Beyond investment concerns, PENGASSAN warned of potential job losses, particularly among workers at the Nigerian National Petroleum Company Limited (NNPC Ltd), where thousands of Nigerians – about 4,000 in number – are currently employed.
Osifo said weakening the company’s financial stability through policy changes could lead to operational challenges and possible workforce reductions.
“Our members’ livelihoods depend on the survival and growth of this industry,” he said. “When investment declines, operations shrink, and workers become vulnerable.”
He also raised concerns about what he described as inaccuracies in the assumptions underlying the executive order, particularly regarding revenue allocation and funding mechanisms within the sector.
“The actual percentage that eventually gets to NNPC is below two percent; the calculations are there. Likewise, the claim that 30 percent of the Frontier Exploration Fund goes directly to NNPC is inaccurate.
“Those funds go into designated accounts, not into NNPC directly. It is also wrong to assume royalties go into the personal account of Nigerian Upstream Petroleum Regulatory Commission (NUPRC).
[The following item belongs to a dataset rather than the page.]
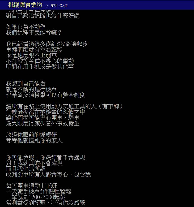 - 「現在路上違規行為太普遍,若有檢舉獎金,每天通勤順便檢舉就能嚇阻更多違規。」
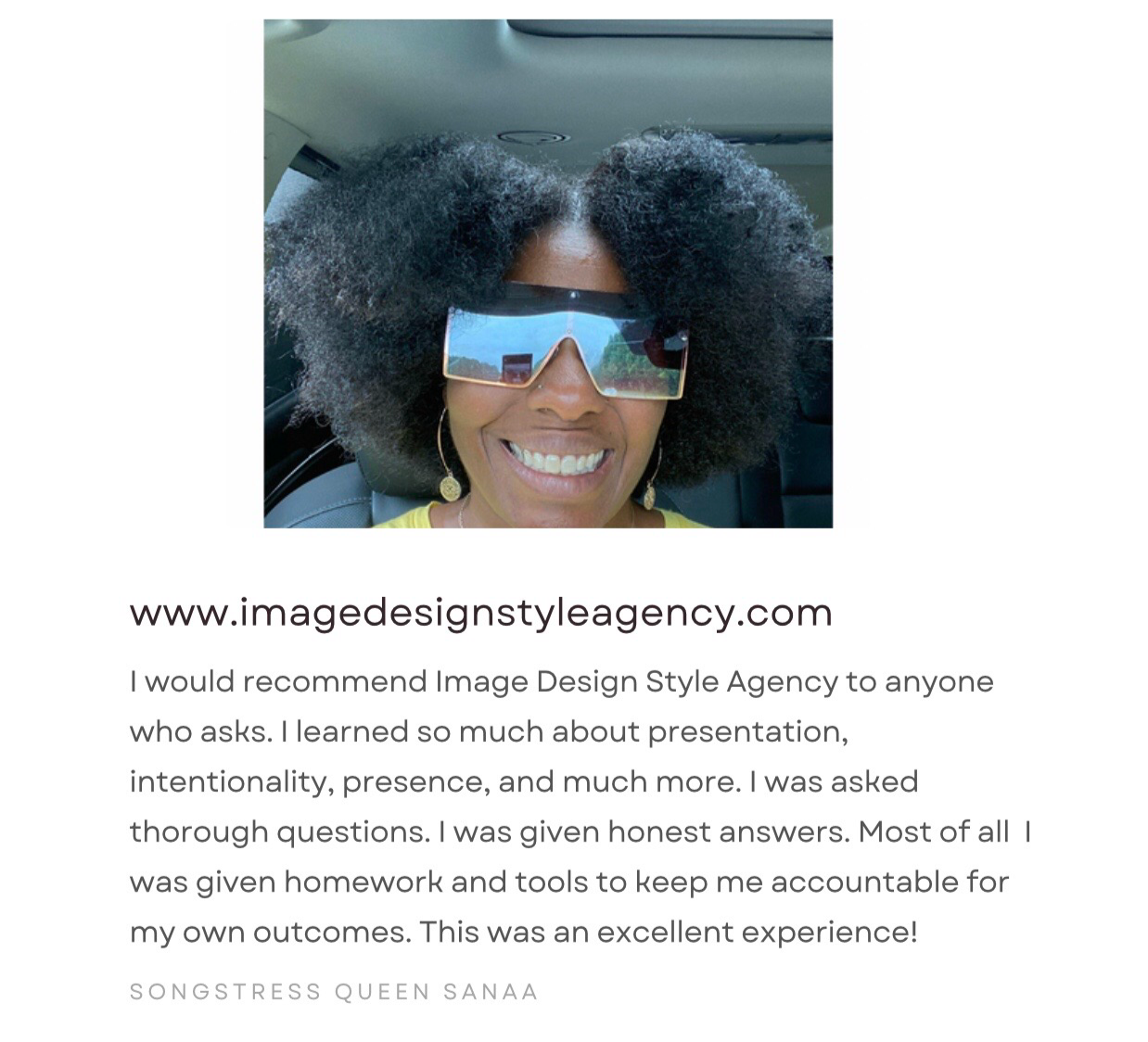 “i would recommend image design style agency to anyone who ask. i learned so much about presentation, intentionally, presence, and much more. i was asked thorough questions. i was given honest answers.”

Those revenues go into the Federal Government account.
Osifo urged the President to urgently review and reconsider the directive, warning that failure to do so could jeopardise Nigeria’s efforts to attract global capital into its oil and gas industry.
He expressed confidence that President Tinubu, who previously worked in the sector including at ExxonMobil, would act to protect the industry once fully briefed on the implications of the order.
PENGASSAN emphasised that maintaining legal certainty and investor confidence remains essential to protecting jobs, sustaining national revenue, and ensuring the long-term viability of Nigeria’s oil and gas sector, which has remained the backbone of the country’s economy for more than five decades.